A memory leak is when your code allocates memory and then loses track of it, including the ability to free it later.
In C, for example, this can be done with the simple sequence:
void *pointer = malloc (2718); // Alloc, store address in pointer.
pointer = malloc (31415); // And again.
free (pointer); // Only frees the second block.
The original block of memory is still allocated but, because pointer no longer points to it, you have no way to free it.
That sequence, on its own, isn't that bad (well, it is bad, but the effects may not be). It's usually when you do it repeatedly that problems occur. Such as in a loop, or in a function that's repeatedly called:
static char firstDigit (int val) {
char *buff = malloc (100); // Allocates.
if (val < 0)
val = -val;
sprintf (buff, "%d", val);
return buff[0]; // But never frees.
}
Every time you call that function, you will leak the hundred bytes (plus any housekeeping information).
And, yes, memory leaks will affect other things. But the effects should be limited.
It will eventually affect the process that is leaking as it runs out of address space for allocating more objects. While that may not necessarily matter for short-lived processes, long-lived processes will eventually fail.
However, a decent operating system (and that includes Windows) will limit the resources that a single process can use, which will minimise the effects on other processes. Since modern environments disconnect virtual from physical memory, the only real effect that can be carried from process to process is if one tries to keep all its virtual memory resident in physical memory all the time, reducing the allocation of that physical memory to other processes.
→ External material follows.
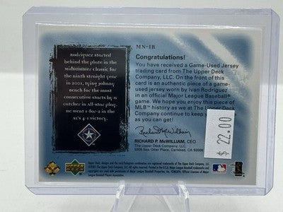 Ivan Rodriguez Game Used Patch 127/150 2001 Upper Deck Magic Numbers Rangers
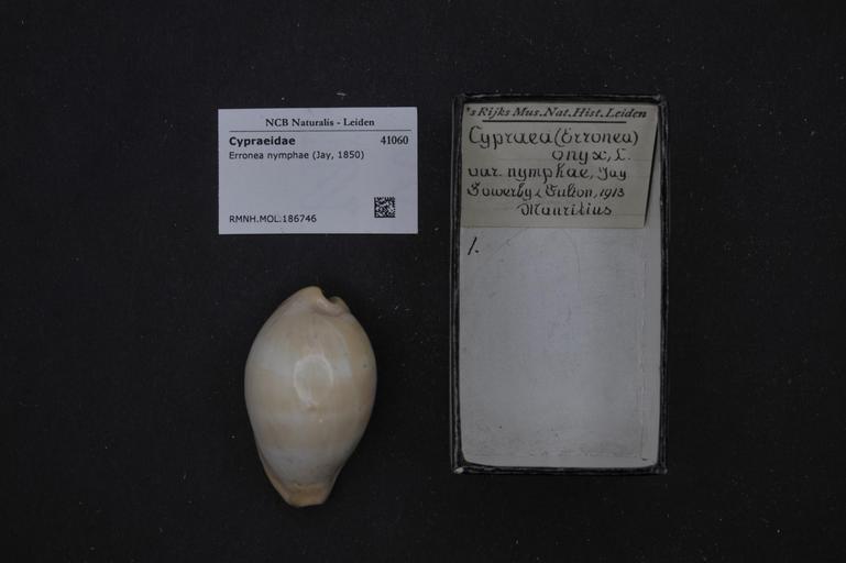 Keywords: Naturalis Biodiversity Center - RMNH.MOL.186746 - Erronea nymphae (Jay, 1850) - Cypraeidae - Mollusc shell.jpeg artwork Dimensions artwork Document type Cypraeidae subfamily Cypraeovulinae Erronea Individual count Infraspecific epithet Infraspecific rank Institution Naturalis Kind of unit artwork Kind of unit specimen shell Life stage Medium artwork Nomenclatural code Source institute Rijksmuseum van Natuurlijke Historie Leiden Scale the width of the text on the species/QR-code label is 38 mm Occurrence ID page Other fields Other versions artwork Permission license Naturalis donation CC-0 Mollusca Publication location Scientific name Erronea nymphae Jay 1850 Scientific name authorship Jay 1850 Source url http //bioportal naturalis nl Specific epithet nymphae State or province Subject keywords artwork Subject keywords publication Title artwork Title publication Type status Uploaded with GWToolset Naturalis_Biodiversity_Center_-_RMNH MOL 186746_-_Erronea_nymphae_ Jay _1850 _-_Cypraeidae_-_Mollusc_shell http //medialib naturalis nl/file/id/RMNH MOL 186746/format/large Media donated by Naturalis Biodiversity Center Molluscs at Naturalis from the Rijksmuseum van Natuurlijke Historie Erronea nymphae Erronea |

But, even if a single process leaks gigabytes of memory, the memory itself won't be being used by the process (the crux of the leak is that the process has lost access to the memory). And, since it's not being used, the OS will almost certainly swap it out to disk and never have to bring it back into RAM again.
Of course, it uses up swap space and that may affect other processes but the amount of disk far outweighs the amount of physical RAM.
Your program will eventually crash. If it does not crash itself, it will help other programs crash because of lack of memory.
When you leak memory, it means that you are dynamically creating objects but are not destroying them. If the leak is severe enough, your program will eventually run out of address space and future allocation attempts will fail (likely causing your application to terminate or crash, since if you are leaking memory, you probably aren't handling out of memory conditions very well either), or the OS will halt your process if it attempts to allocate too much memory.
Additionally, you have to remember that in C++, many objects have destructors: when you fail to destroy a dynamically allocated object, its destructor will not be called.
A memory leak is a situation when a program allocates dynamic memory and then loses all pointers to that memory, therefor it can neither address nor free it. memory remains marked as allocated, so it will never be returned when more memory is requested by the program.
The program will exhaust limited resources at some speed. Depending on the amount of memory and swap file this can cause either the program eventually getting "can't allocate memory" indication or the operating system running out of both physical memory and swap file and just any program getting "can't allocate memory" indication. The latter can have serious consequences on some operating systems - we sometimes see Windows XP completely falling apart with critical services malfunctioning severely once extreme memory consumption in one program exhausts all memory. If that happens the only way to fix the problem is to reboot the system.
Related
If a process initially has a number of pages allocated to it in the heap, but a lot of the data in the pages has been deallocated, is there some sort of optimization that the OS does to consolidate the data into one page so that the other pages can be freed?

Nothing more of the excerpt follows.